3 Data Visualization

3.1 1st Visualization : Singapore’s Shifting Demographic Structure

Insights:

  • The population pyramid reveals a dominant working-age group between ages 30–44, forming the broadest segment of the chart, with largest age group for Female: from 35-39 age group: 166,150 and Males: from 30-34 age group with 155,630

  • The base is narrower, especially for those aged 0–14, which highlights the ongoing trend of declining birth rates.

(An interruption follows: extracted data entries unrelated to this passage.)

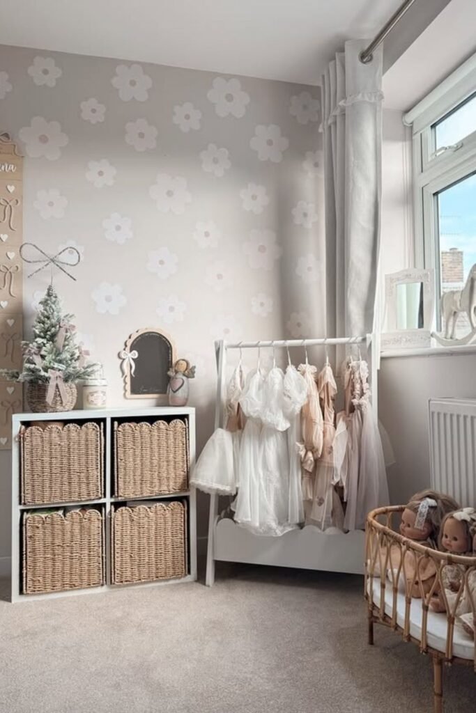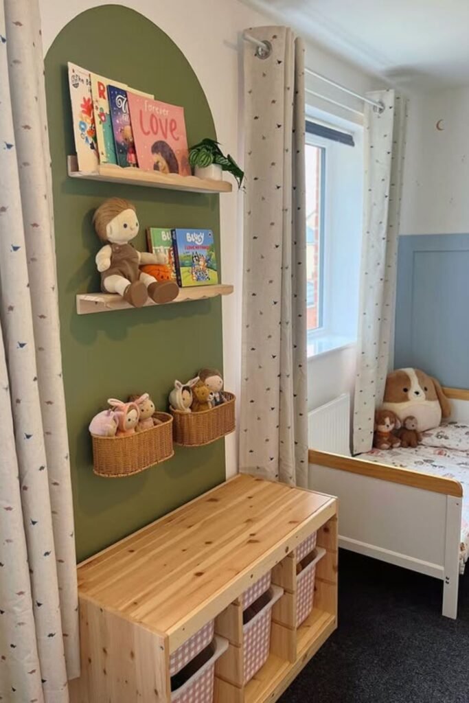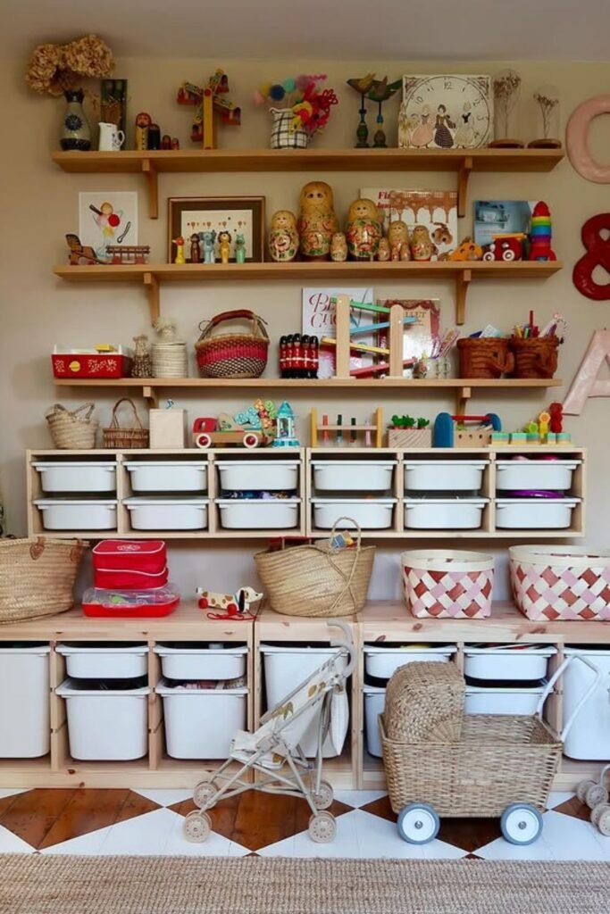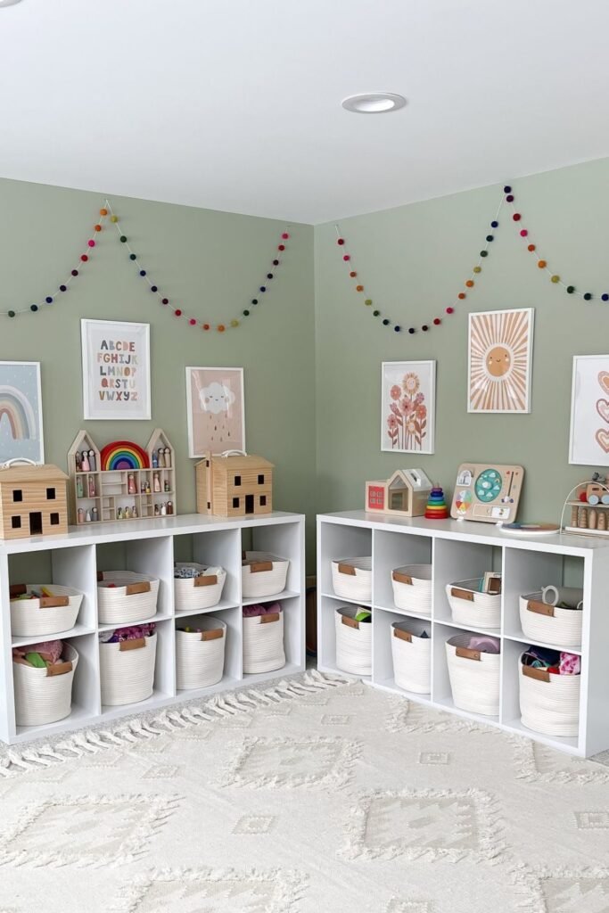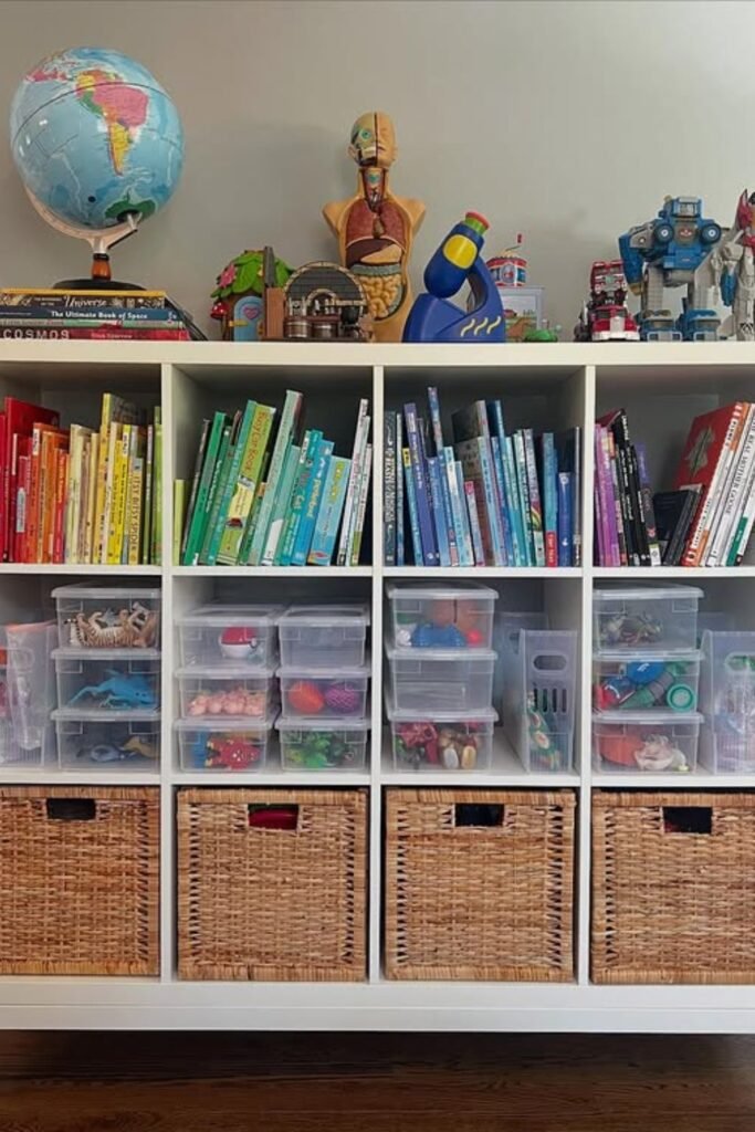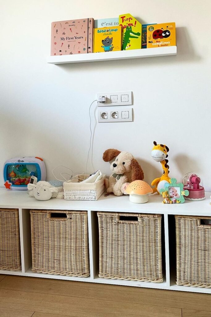 Baskets hide clutter without asking kids to sort perfectly which is why cleanup actually happens.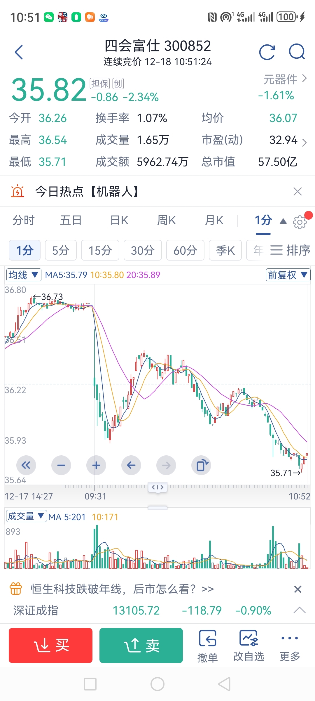 $四会富仕(SZ300852)$ 连创业板都不如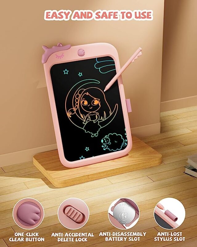 • 💖Eye Protection & No Mess at Home: The advanced colorful LCD writing tablet does not emit dangerous radiation that can damage the eyes. This writing tablet helps you avoid messy cleanups and the use of harmful chemicals. It is environmentally friendly by eliminating the need for paper, chalk, crayons, and pencils. Simply erase your content quickly with one press of the erase button!

  • Females significantly outnumber males from age 65 onwards, highlighting gender differences in life expectancy

  • The median age of 42 reinforces Singapore’s aging trend, with implications for healthcare and eldercare planning.

  • The median age of 42 underscores Singapore’s aging population, signaling increasing needs in healthcare, retirement, and eldercare.

pyramid_data <- data %>%
  group_by(AgeGroup, Sex) %>%
  summarise(ResidentCount = sum(ResidentCount, na.rm = TRUE)) %>%
  ungroup() %>%
  mutate(
    ResidentCountSigned = ifelse(Sex == "Males", -ResidentCount, ResidentCount),
    fill_color = case_when(
      Sex == "Males" ~ "#4292c6",
      Sex == "Females" ~ "#e377c2",
      TRUE ~ "gray"
    ),
    AgeGroup = factor(AgeGroup, levels = c("0–4", "5–9", "10–14", "15–19", "20–24",
                                           "25–29", "30–34", "35–39", "40–44", "45–49",
                                           "50–54", "55–59", "60–64", "65–69", "70–74",
                                           "75–79", "80–84", "85–89", "90+"))
  )

median_age <- data %>%
  group_by(Age) %>%
  summarise(Total = sum(ResidentCount, na.rm = TRUE)) %>%
  arrange(Age) %>%
  mutate(cum_pop = cumsum(Total), prop = cum_pop / sum(Total)) %>%
  filter(prop >= 0.5) %>%
  slice(1) %>%
  pull(Age)

age_group_labels <- levels(pyramid_data$AgeGroup)
median_group_index <- findInterval(median_age, seq(0, 100, by = 5))
median_group <- age_group_labels[median_group_index]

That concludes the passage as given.